## What this task involves
Please, in the data that follows, copy exactly the lines from the line with "Soyaconcept Andre jakker" through the last one, both included. Do not include pictures.

[Recorded data]
· · ·
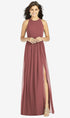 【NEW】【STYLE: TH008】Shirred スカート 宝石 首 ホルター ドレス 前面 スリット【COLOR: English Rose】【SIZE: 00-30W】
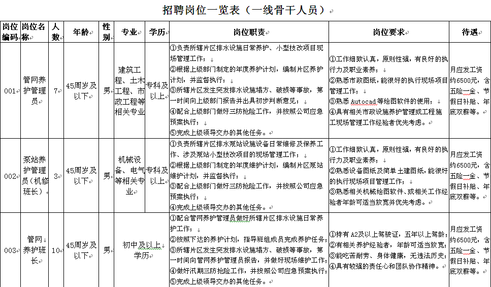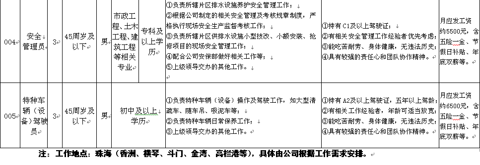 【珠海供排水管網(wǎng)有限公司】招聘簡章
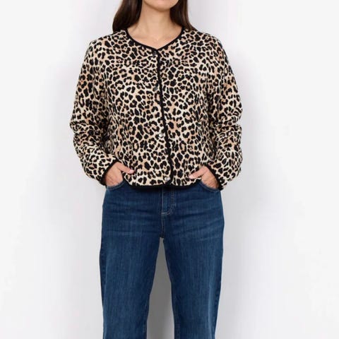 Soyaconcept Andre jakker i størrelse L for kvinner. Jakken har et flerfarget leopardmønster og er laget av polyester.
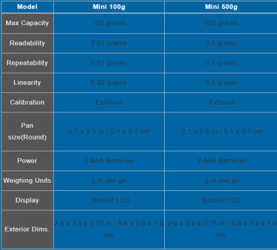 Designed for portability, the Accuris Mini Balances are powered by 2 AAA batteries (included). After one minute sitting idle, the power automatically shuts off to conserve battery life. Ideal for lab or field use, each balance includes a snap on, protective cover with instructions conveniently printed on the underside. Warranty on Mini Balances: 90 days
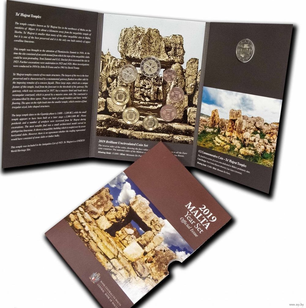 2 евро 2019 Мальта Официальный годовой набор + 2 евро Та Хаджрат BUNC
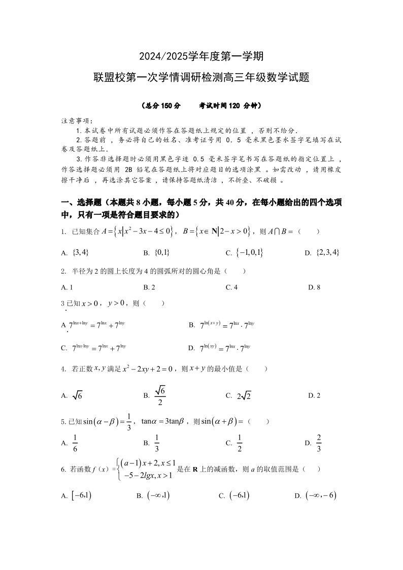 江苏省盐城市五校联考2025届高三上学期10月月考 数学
· · ·
## Answer for this exercise
 Soyaconcept Andre jakker i størrelse L for kvinner. Jakken har et flerfarget leopardmønster og er laget av polyester.
 Designed for portability, the Accuris Mini Balances are powered by 2 AAA batteries (included). After one minute sitting idle, the power automatically shuts off to conserve battery life. Ideal for lab or field use, each balance includes a snap on, protective cover with instructions conveniently printed on the underside. Warranty on Mini Balances: 90 days
 2 евро 2019 Мальта Официальный годовой набор + 2 евро Та Хаджрат BUNC
 江苏省盐城市五校联考2025届高三上学期10月月考 数学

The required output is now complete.